## Supplied data:
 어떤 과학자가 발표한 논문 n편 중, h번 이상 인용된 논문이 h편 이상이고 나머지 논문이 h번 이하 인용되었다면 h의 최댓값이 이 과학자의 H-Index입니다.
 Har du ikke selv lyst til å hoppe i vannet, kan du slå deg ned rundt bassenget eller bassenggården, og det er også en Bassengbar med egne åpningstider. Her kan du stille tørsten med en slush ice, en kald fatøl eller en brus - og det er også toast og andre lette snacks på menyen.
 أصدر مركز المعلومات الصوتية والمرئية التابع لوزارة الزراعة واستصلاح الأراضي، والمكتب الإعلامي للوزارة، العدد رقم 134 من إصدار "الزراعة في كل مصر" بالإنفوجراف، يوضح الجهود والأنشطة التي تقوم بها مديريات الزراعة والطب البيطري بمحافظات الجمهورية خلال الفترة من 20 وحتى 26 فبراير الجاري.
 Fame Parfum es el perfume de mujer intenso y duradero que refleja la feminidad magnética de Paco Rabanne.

...

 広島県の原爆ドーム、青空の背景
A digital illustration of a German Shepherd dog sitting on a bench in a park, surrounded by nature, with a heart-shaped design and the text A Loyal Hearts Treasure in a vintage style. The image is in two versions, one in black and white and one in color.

## Task to carry out:
Begin with the line that has "어떤 과학자가 발표한" in the listing above and end after the line that has "Fame Parfum es"; output those lines exactly.

## Task response:
 어떤 과학자가 발표한 논문 n편 중, h번 이상 인용된 논문이 h편 이상이고 나머지 논문이 h번 이하 인용되었다면 h의 최댓값이 이 과학자의 H-Index입니다.
 Har du ikke selv lyst til å hoppe i vannet, kan du slå deg ned rundt bassenget eller bassenggården, og det er også en Bassengbar med egne åpningstider. Her kan du stille tørsten med en slush ice, en kald fatøl eller en brus - og det er også toast og andre lette snacks på menyen.
 أصدر مركز المعلومات الصوتية والمرئية التابع لوزارة الزراعة واستصلاح الأراضي، والمكتب الإعلامي للوزارة، العدد رقم 134 من إصدار "الزراعة في كل مصر" بالإنفوجراف، يوضح الجهود والأنشطة التي تقوم بها مديريات الزراعة والطب البيطري بمحافظات الجمهورية خلال الفترة من 20 وحتى 26 فبراير الجاري.
 Fame Parfum es el perfume de mujer intenso y duradero que refleja la feminidad magnética de Paco Rabanne.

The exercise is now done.